The interesting thing about this is that the cancellation slot is associated with the asynchronous operation’s handler. This is not only useful for a library-provided asynchronous operation such as a timer wait. Because of the existence of a function called get_associated_cancellation_slot(handler), the current slot is available in any context where user code has access to the current asynchronous completion handler.

One such place is in a user-defined composed operation, and therefore by extension, a c++ coroutine running in the context of an Asio executor.

This now becomes possible:


asio::awaitable<void>
my_coro(some_async_op& op)
{
    // The cancellation state allowed us to detect whether cancellation has been requested
    // It also allows us to register our own cancellation slot
    auto cs = asio::this_coro::cancellation_state;
    
    // Create a new slot from the cancellation state and register a callback which will 
    // invoke our own custom cancel signal on the some_async_op
    // note: A
    auto slot = cs.slot();
    slot.emplace([&]{ op.cancel(); });

    // continue to wait on the some_async_op
    co_await op.wait_to_finish();
}

This coroutine could be invoked in a couple of ways:


// In this case the cancellation state is a no-op cancellation. 
// the code at note A above will do nothing. This coroutine is not cancellable.
co_await asio::co_spawn(exec, 
                        my_coro(op), 
                        asio::use_awaitable);

// In this case, the coroutine has become cancellable because the code at note A will actually
// create a functioning slot and register the lambda.
// The coroutine is cancellable through the cancellation signal sig.
asio::cancellation_signal sig;
co_await asio::co_spawn(exec, 
                        my_coro(op), 
                        asio::bind_cancellation_signal(
                            asio::use_awaitable, sig));

This code is experimental at the moment, but is available
on the generic-associators branch of Boost.Asio.

The Project du Jour

Coming back to the “Asio is hard at the beginning” meme, I was speaking to my son recently. He works with a number of languages, including Python, Go and C++.

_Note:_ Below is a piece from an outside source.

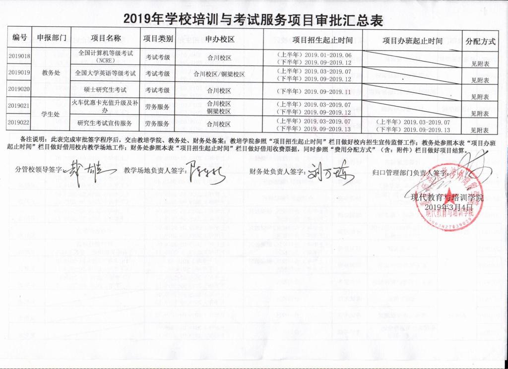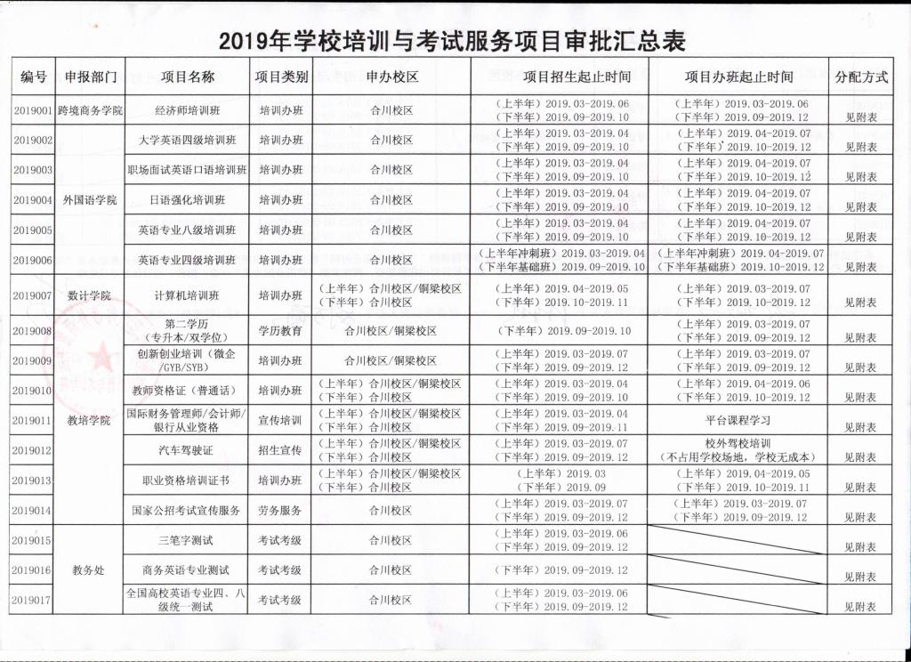 2019年学校学历教育、非学历培训办班及考试项目经我院、财务处、教务处审批已报分管校领导审核通过立项,可以开展招生宣传工作,提升学生“双证”教育水平,有效推动“应用型”人才培养工作,提高学生就业竞争力。

During a conversation about these he mentioned that Go was a very uninspiring language (to him) but it was very easy to get fairly complex asynchronous programs functioning reliably in a short amount of time.

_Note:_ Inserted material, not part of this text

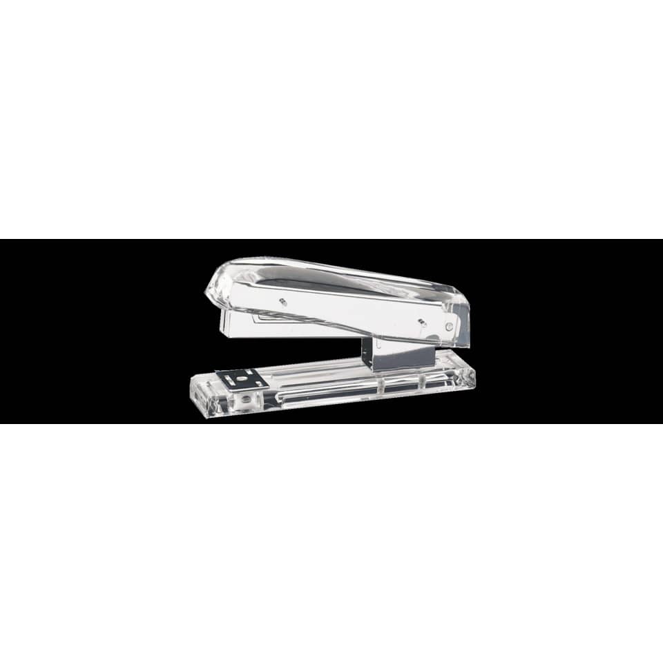 Acryl-Heftgerät, Werkstoff: Acryl. Das anspruchsvolle Fertigungsverfahren sichert lange Lebensdauer und hohe Stabilität. Inklusive Haftnoppen. Ausführung Heftgerät: Ausführung der Heftungsart: fest/lösbar, Heftleistung: 15 Blatt, Oberlademechanik, Farbe: glasklar. Typbezeichnung der Heftklammern: 24/6, 26/6. Ausführung der Lieferzusammenstellung: Heftgerät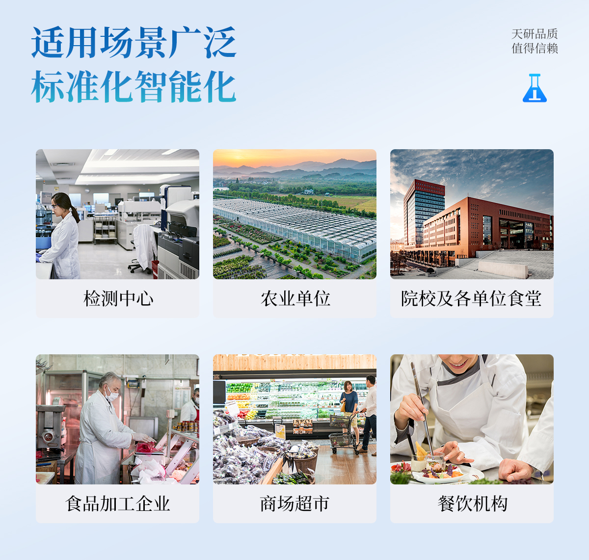 多功能食品安全檢測儀可快速檢測200多項目,包含非食用化學(xué)物質(zhì)、濫用食品添加劑、農(nóng)藥殘留、獸藥殘留、重金屬、病害肉、營養(yǎng)強化劑、抗生素類殘留、激素類殘留、真菌毒素類殘留、化學(xué)類殘留等現(xiàn)場的定性定量檢測。該多功能食品安全檢測儀為集成化食品安全快速檢測分析設(shè)備,廣泛應(yīng)用于市場監(jiān)管局、檢測中心、衛(wèi)生監(jiān)督部門、農(nóng)業(yè)部門、院校及各單位食堂、食品肉產(chǎn)品深加工企業(yè)、商超市場、司法部門、餐飲機構(gòu)、養(yǎng)殖場、屠宰場、檢驗檢疫部門等單位使用。

I asked him what the single most effective feature of the language was, to which he replied, “channels”.

For anyone who does not already know, a golang channel is simply a multi-producer, multi-consumer ring buffer with an asynchronous interface.

It has the following behaviour:

  • Producer coroutines will suspend when providing values to the channel if the ring buffer is full and there is no consumer pending a consume operation.
  • Consumer coroutines will suspend when consuming if the ring buffer is empty and there is no pending producer operation in progress.
  • The ring buffer capacity is specified upon construction, and may be zero. Producers and consumers of a zero-sized channel will only make progress if there is a corresponding pair of producer and consumer pending at the same time. In this way, the channel also acts as a coroutine synchronisation primitive.
  • Finally, the channel may be closed. A closed channel will allow a consumer to consume remaining values in the ring buffer, but it will not allow a producer to provide more values, whether into the ring buffer or directly to a pending consume operation. A consume operation against an empty, closed channel will yield a default-constructed object plus a boolean false indicating that there are no more values to consume.

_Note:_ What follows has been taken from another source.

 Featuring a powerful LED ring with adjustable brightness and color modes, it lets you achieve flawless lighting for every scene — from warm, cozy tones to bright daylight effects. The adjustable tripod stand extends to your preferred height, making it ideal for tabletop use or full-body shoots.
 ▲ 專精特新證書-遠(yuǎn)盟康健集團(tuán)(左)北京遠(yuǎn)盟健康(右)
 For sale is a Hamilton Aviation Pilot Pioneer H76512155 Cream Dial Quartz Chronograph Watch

There are some other nice features in Go, such as the select keyword which interact with channels in a pleasing way, but for now I’ll focus on how we might implement the channel in asynchronous C++.

The rationale here being:

  • Channels make writing complex asynchronous interactions simple.
  • Make simple things simple is the mantra to which I subscribe.
  • Perhaps C++ enthusiasts would benefit from an implementation of channels.
  • Given the flexibility of C++, we might be able to do a better job than Go, at least in terms of giving the programmer some choice over implementation tradeoffs.
  • Maybe a little library offering this functionality in a simple, reusable way would be a useful addition to Boost.

I put some feelers out in the CppLang slack. So far the response to the idea has been only positive. So I decided to make a start.

TLDR - you can monitor how far I am getting by looking at the Github repository.

Approach

I wanted the channels library to be built on top of Asio. The reason for this is that I happen to think that the Asio executor model is very elegant, and allows the programmer to transpose the same fundamental idea onto a number of different concurrency strategies. For example, thread pools, IO loop, threads and futures, and so on.

Asio’s completion tokens allow the adaptation of asynchronous initiating functions to any or all of these strategies and I wanted to make sure that the library will provide this functionality.

Furthermore, asynchronous programs become complex quickly. Asio is a natural fit for IO, but does not provide the primitives that programmers often find they need to create rich programs.

It is my hope that this channels library provides people with a useful tool to make high performance, highly concurrent programs easier to write in C++.

Design Decisions

I have elected to write library in two sections. The first will contain the basic objects to handle the concurrent communication and asynchronous completions. These objects will not be thread-safe, just like any other object in Asio.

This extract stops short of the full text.